Because of the low precision of PTQ, I also test the PTQ. But there are some problems when I convert the Tensorflow1.0 model to TensorRT following the guide( GitHub - NVIDIA/sampleQAT: Inference of quantization aware trained networks using TensorRT).
Some questions about QAT
I generated two ONNX QAT model,
and .The left is a part of a large model, and the right is generate from scratch.
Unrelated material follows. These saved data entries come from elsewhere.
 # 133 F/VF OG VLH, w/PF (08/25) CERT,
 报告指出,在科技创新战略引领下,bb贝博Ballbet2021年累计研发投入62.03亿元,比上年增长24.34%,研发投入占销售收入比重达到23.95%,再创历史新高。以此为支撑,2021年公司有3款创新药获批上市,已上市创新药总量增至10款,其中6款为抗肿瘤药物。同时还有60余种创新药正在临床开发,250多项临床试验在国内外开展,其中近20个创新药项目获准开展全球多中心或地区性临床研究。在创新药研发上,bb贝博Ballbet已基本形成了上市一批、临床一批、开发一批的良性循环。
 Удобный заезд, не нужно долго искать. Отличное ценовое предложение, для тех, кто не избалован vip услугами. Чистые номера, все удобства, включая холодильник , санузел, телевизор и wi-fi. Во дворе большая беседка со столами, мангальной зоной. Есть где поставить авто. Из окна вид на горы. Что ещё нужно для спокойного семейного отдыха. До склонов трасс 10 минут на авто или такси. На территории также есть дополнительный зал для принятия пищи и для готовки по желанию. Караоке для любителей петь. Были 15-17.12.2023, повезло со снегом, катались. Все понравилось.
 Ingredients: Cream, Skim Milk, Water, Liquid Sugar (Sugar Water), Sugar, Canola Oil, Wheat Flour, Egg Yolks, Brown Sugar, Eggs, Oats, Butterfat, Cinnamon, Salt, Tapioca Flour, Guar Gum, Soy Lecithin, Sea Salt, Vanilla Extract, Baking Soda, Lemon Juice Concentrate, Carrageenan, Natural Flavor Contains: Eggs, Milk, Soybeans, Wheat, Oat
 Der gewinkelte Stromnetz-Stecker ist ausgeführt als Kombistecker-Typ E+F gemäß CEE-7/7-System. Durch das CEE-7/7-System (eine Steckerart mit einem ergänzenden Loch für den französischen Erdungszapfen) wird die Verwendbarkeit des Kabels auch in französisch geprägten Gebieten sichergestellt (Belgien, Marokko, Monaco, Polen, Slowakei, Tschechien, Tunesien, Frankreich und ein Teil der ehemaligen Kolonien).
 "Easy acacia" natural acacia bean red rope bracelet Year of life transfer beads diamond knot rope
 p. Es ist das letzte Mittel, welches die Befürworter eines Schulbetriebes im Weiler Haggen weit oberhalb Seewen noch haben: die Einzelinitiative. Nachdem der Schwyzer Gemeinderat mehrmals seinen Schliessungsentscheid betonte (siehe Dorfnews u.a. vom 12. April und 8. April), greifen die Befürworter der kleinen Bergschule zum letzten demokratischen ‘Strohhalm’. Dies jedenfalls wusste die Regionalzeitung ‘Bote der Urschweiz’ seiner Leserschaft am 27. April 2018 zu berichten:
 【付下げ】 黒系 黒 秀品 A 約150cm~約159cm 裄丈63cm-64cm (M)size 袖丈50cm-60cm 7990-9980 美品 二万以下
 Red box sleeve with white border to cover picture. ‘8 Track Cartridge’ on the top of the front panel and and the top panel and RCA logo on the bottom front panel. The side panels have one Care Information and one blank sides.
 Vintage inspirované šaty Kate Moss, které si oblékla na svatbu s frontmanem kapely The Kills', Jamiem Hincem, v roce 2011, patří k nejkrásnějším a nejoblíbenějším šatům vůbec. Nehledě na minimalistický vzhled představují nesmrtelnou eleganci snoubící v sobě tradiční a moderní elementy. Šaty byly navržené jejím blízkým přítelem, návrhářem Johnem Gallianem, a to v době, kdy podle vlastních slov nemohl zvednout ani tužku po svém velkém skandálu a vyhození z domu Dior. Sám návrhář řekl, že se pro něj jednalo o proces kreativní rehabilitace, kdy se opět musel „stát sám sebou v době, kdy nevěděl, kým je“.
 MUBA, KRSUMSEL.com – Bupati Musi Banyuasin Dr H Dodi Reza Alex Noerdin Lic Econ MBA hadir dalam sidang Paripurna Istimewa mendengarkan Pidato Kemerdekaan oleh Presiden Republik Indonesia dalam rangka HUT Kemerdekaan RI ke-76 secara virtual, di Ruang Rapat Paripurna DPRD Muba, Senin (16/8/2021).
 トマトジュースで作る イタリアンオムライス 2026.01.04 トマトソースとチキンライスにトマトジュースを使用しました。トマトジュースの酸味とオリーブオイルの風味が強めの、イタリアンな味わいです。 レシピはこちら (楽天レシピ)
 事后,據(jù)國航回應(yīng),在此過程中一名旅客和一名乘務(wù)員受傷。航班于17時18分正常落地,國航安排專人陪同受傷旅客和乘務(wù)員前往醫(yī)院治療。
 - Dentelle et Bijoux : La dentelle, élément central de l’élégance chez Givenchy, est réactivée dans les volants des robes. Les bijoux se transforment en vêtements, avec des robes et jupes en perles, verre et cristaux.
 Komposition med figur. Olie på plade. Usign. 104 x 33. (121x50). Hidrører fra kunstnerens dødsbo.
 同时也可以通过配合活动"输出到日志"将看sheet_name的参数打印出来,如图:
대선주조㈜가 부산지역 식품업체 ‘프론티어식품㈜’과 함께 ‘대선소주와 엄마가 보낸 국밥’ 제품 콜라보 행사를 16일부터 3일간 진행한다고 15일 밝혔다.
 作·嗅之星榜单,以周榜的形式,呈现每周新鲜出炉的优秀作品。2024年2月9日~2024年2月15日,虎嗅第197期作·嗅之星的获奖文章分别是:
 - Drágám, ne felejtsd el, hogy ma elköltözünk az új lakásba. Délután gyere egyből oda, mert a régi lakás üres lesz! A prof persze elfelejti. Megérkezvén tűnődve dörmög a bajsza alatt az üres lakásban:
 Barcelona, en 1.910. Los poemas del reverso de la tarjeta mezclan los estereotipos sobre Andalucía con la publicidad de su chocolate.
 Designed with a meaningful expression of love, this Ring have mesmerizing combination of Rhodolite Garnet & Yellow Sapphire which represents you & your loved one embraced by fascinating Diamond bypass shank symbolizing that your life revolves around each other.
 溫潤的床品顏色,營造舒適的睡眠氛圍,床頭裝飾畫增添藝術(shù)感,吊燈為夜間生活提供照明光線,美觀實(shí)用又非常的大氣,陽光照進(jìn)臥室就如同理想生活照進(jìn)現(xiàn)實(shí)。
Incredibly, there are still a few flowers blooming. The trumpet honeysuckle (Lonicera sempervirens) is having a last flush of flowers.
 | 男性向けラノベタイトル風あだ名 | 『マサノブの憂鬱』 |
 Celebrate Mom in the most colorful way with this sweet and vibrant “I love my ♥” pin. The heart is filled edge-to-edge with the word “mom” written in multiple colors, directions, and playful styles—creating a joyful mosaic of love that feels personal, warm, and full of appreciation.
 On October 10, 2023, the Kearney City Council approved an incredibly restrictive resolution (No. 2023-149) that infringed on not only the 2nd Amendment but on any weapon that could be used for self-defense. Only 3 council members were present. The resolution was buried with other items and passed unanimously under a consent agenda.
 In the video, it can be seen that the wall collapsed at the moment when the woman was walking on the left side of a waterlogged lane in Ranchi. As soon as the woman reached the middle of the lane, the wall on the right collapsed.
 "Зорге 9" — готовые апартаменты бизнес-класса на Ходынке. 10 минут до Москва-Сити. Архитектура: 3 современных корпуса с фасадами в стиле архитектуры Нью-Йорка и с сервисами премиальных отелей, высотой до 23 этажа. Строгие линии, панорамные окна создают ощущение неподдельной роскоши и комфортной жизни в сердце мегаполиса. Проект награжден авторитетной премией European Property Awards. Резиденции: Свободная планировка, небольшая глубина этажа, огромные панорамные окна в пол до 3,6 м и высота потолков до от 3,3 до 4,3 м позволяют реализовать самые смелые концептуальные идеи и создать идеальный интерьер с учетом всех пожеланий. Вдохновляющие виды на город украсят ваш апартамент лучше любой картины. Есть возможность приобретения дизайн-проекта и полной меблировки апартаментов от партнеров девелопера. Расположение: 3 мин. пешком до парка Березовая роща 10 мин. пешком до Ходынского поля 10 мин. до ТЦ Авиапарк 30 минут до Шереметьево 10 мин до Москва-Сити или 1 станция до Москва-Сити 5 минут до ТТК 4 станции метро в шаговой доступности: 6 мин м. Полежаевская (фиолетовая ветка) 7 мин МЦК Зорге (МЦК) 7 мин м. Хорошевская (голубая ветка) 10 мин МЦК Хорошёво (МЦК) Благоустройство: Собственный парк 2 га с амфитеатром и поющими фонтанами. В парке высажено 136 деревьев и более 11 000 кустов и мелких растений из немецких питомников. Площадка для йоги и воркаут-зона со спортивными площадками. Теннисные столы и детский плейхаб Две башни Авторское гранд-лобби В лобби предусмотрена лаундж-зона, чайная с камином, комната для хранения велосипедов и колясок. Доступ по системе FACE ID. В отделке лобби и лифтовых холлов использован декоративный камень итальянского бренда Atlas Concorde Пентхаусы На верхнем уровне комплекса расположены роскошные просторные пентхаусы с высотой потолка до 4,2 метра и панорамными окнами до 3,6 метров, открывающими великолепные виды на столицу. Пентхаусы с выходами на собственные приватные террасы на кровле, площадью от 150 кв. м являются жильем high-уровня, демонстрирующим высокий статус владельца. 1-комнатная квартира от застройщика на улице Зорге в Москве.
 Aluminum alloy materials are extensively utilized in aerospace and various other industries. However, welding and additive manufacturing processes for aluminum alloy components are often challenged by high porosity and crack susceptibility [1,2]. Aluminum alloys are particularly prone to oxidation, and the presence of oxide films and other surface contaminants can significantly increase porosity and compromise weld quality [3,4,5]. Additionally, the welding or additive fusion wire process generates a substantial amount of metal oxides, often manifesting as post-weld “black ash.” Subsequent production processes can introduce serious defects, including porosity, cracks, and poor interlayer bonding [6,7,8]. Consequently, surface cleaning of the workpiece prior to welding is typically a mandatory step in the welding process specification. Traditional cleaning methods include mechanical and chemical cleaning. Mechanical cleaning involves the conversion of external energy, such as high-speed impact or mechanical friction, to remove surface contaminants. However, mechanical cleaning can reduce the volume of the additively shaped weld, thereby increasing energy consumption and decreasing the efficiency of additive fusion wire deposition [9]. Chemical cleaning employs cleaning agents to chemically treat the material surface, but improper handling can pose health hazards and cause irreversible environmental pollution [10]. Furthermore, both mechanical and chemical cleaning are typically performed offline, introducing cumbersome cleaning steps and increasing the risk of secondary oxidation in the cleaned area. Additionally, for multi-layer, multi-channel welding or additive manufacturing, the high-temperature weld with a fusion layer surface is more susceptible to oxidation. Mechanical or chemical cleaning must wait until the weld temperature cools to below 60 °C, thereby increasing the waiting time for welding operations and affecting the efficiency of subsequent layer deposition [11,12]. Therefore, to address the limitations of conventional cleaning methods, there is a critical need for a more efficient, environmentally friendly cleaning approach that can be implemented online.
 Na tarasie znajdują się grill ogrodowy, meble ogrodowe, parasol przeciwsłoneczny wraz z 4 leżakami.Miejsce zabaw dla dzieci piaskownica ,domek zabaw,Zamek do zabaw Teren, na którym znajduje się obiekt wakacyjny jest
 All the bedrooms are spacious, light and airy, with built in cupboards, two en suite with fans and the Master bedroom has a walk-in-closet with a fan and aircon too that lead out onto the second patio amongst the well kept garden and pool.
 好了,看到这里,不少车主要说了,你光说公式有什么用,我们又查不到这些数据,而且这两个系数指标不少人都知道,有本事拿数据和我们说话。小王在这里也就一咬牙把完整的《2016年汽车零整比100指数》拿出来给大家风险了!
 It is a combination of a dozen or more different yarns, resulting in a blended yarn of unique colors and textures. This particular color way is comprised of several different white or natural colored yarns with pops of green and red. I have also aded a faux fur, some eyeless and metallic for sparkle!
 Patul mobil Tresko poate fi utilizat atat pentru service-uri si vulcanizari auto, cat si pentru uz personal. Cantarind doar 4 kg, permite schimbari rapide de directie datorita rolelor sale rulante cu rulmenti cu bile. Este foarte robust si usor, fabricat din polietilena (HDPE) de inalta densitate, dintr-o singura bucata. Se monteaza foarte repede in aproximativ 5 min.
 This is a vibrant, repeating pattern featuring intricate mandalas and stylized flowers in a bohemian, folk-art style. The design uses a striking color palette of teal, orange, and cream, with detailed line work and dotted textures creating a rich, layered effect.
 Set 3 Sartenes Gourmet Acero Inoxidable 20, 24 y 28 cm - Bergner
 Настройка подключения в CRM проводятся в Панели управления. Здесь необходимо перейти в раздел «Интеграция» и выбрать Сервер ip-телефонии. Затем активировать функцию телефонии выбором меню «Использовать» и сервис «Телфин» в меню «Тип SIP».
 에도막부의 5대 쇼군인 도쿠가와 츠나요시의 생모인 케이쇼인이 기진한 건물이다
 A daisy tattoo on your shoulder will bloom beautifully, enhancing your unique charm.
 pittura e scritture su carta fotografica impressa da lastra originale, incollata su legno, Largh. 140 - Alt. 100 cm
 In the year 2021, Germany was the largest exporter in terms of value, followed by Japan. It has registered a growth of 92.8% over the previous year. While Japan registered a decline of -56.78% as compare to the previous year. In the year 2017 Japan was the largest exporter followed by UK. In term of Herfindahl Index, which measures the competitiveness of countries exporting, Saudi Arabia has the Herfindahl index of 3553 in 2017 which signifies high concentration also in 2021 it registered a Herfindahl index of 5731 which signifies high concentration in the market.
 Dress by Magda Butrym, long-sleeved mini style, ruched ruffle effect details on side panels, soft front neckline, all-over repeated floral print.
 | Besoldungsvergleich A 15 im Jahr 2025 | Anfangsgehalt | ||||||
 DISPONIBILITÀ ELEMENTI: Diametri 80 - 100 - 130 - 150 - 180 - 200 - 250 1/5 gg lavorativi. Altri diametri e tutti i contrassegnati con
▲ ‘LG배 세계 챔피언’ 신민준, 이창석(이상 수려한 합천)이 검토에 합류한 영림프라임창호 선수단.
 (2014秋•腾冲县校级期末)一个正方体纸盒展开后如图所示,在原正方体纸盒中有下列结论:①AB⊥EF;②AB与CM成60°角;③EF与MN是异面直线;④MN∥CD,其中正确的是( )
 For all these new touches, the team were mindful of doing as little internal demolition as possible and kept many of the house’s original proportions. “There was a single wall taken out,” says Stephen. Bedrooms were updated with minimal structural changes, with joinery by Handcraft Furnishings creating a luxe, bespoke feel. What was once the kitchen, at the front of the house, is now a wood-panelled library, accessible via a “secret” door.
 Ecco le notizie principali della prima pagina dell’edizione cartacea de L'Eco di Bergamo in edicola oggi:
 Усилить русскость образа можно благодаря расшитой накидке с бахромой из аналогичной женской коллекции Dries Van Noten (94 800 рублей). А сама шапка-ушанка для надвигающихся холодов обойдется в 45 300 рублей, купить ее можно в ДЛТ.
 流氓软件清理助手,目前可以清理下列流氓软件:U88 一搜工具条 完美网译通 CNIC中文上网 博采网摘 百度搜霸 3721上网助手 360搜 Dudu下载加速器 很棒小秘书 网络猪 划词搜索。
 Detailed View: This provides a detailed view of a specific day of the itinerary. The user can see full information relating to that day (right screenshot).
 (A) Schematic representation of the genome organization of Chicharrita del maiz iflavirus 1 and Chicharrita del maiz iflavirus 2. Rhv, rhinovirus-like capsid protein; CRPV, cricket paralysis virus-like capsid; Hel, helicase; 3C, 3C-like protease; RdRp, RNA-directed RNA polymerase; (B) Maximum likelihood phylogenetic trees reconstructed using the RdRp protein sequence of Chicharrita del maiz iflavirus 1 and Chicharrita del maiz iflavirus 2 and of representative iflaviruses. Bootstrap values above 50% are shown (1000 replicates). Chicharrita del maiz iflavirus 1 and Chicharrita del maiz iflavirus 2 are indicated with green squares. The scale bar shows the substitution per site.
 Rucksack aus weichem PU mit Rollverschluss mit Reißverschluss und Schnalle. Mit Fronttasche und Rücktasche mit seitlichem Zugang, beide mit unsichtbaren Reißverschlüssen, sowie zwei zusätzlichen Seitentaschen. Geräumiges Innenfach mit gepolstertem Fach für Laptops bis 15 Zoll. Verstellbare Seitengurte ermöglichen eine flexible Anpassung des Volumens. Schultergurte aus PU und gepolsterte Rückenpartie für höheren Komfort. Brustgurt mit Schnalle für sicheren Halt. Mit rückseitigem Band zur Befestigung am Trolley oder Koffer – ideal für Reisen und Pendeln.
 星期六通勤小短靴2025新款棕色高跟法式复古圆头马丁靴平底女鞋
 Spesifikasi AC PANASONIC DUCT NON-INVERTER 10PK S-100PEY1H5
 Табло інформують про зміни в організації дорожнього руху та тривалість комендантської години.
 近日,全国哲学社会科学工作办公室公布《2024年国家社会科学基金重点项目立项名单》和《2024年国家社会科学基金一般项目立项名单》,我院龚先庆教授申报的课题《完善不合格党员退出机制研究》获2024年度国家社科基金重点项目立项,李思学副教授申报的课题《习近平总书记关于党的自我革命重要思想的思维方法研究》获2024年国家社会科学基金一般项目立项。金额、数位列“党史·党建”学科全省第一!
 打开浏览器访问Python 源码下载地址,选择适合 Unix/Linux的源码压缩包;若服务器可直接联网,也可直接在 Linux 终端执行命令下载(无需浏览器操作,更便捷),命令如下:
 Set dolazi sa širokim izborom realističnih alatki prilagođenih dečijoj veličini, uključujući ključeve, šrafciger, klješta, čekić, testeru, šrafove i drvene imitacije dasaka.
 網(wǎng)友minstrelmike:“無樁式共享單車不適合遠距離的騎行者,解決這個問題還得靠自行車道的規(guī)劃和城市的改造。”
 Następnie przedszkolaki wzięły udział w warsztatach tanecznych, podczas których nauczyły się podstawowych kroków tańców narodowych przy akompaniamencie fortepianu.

It look there is no different except for the names. The right can be converted to TensorRT successfully, but the left is return an error, “[TensorRT] ERROR: /home/jenkins/workspace/TensorRT/helpers/rel-7.1/L1_Nightly_Internal/build/source/rtSafe/safeWeightsPtr.h (102) - Assertion Error in setCount: 0 (count >= 0)”.
Is there more details about those errors and QAT of TensorRT?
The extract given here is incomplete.